Immagine di copertina
Illustrazione di Emanuele Fucecchi

Coronavirus Brescia: storia di un contagio. Il vero paziente 0 e quella RSA riaperta dalla Regione

Orzinuovi è un comune di circa 12mila abitanti nella bassa bresciana oggi tristemente conosciuto per essere diventato in pochi giorni uno dei maggiori focolai del Covid19. In quest’area a vocazione agricola, fulcro di scambi commerciali nel settore zootecnico, l’ultimo Mercato del fieno si è svolto il 28 febbraio, con agricoltori che arrivavano tra l’altro da Lodi, Codogno e Cremona. Qualche giorno prima, dal 14 al 16 febbraio, a Montichiari si teneva l’annuale Fiera Agricola Zootecnica. Credo diventeranno, nei racconti post pandemia, capitoli importanti per ricostruire lo sviluppo massiccio del virus nella nostra regione.

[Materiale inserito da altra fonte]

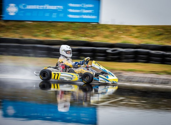 The Junior Subaru class was up next and this race gave us a dominant winner in Jenson Harvey, his kart’s set up proving perfect in the greasy conditions to allow him to win by nearly 6 seconds. Nathan Jeffery and Max Goodwin broke clear of the pack to take the final podium positions, with Warwick Daden crossing the line at the top of the snarling Subaru powered pack, Joshua Young and Chris Bridle were glued to Daden’s rear bumper at the finish line.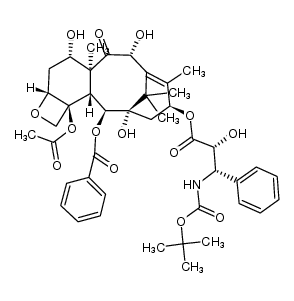 ANTINEOPLASTIC STABILIZES MICROTUBULES | INJECTION INTRAVENOUS | VD 113 LITER PPB 97 PERCENT Cl 33.8 LITER / HOUR HT 11 HOUR SOLUBILITY PRACTICALLY INSOLUBLE IN WATER | TUBULIN PDB 1TUB (TUBULIN ALPHA-BETA DIMER, ELECTRON DIFFRACTION) LIGAND CODE = TXL (link to the list of PDB complexes) Download experimental 3D coordinates of TXL with added hydrogens | Tubulin beta UNIPROT P07437 TUBB more at DrugCentral | EMA ANSM (in French) Inxight Drugs Dailymed Drugs.com VigiAccess SIDER side effects Chemical Probes Portal ChEMBL BindingDB DrugBank |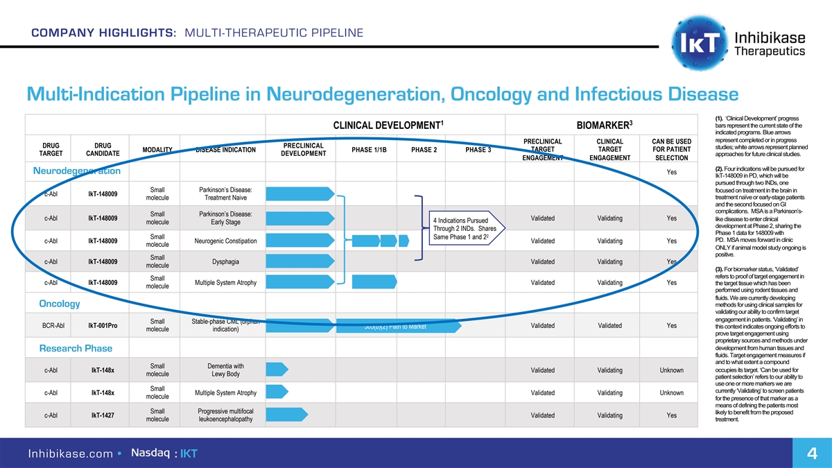 COMPANY HIGHLIGHTS: MULTI-THERAPEUTIC PIPELINE Multi-Indication Pipeline in Neurodegeneration, Oncology and Infectious Disease (1). ‘Clinical Development’ progress 1 3 bars represent the current state of the CLINICAL DEVELOPMENT BIOMARKER indicated programs. Blue arrows represent completed or in progress PRECLINICAL CLINICAL CAN BE USED DRUG DRUG PRECLINICAL studies; white arrows represent planned TARGET TARGET FOR PATIENT MODALITY DISEASE INDICATION PHASE 1/1B PHASE 2 PHASE 3 TARGET CANDIDATE DEVELOPMENT approaches for future clinical studies. ENGAGEMENT ENGAGEMENT SELECTION (2). Four indications will be pursued for Neurodegeneration Yes IkT-148009 in PD, which will be pursued through two INDs, one Small Parkinson’s Disease: focused on treatment in the brain in c-Abl IkT-148009 treatment naïve or early-stage patients molecule Treatment Naive and the second focused on GI complications. MSA is a Parkinson’s- Small Parkinson’s Disease: c-Abl IkT-148009 Validated Validating Yes like disease to enter clinical 4 Indications Pursued molecule Early Stage development at Phase 2, sharing the Through 2 INDs. Shares Phase 1 data for 148009 with 2 Small Same Phase 1 and 2 PD. MSA moves forward in clinic c-Abl IkT-148009 Neurogenic Constipation Validated Validating Yes molecule ONLY if animal model study ongoing is positive. Small c-Abl IkT-148009 Dysphagia Validated Validating Yes molecule (3). For biomarker status, ‘Validated’ refers to proof of target engagement in Small c-Abl IkT-148009 Multiple System Atrophy Validated Validating Yes the target tissue which has been molecule performed using rodent tissues and fluids. We are currently developing Oncology methods for using clinical samples for validating our ability to confirm target engagement in patients. ‘Validating’ in Small Stable-phase CML (orphan BCR-Abl IkT-001Pro 505(b)(2) Path to Market Validated Validated Yes this context indicates ongoing efforts to molecule indication) prove target engagement using proprietary sources and methods under development from human tissues and Research Phase fluids. Target engagement measures if and to what extent a compound Small Dementia with occupies its target. ‘Can be used for c-Abl IkT-148x Validated Validating Unknown molecule Lewy Body patient selection’ refers to our ability to use one or more markers we are Small currently ‘Validating’ to screen patients c-Abl IkT-148x Multiple System Atrophy Validated Validating Unknown molecule for the presence of that marker as a means of defining the patients most Small Progressive multifocal likely to benefit from the proposed c-Abl IkT-1427 Validated Validating Yes molecule leukoencephalopathy treatment. Inhibikase.com • : IKT 4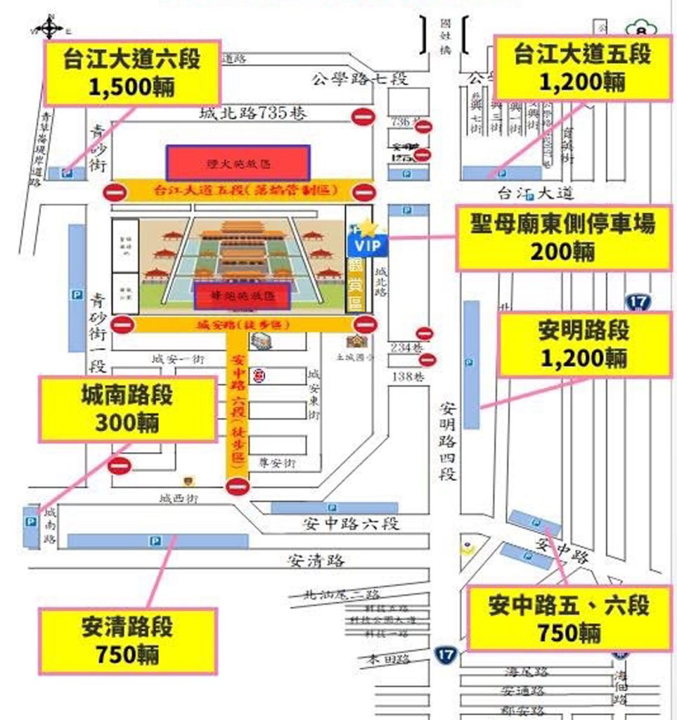 三分局指出,聖母廟周邊安明路、台江大道、安中路及公學路等路段可能出現壅塞。國姓橋南下車輛,由公學路、台江大道進入城北路,往青草崙堤防至台江大道六段停放。安明路北上車輛,由安清路右轉城南路段停放。

A Orzinuovi i cittadini sono arrabbiati, come del resto in tutta la provincia bresciana, perché non c’è famiglia che non abbia subìto un lutto. E ad essere arrabbiati sono anche i parenti di quella moltitudine di persone che è corsa in ospedale con sintomi sospetti e che è stata rimandata a casa senza tampone per curarsi con il fai da te.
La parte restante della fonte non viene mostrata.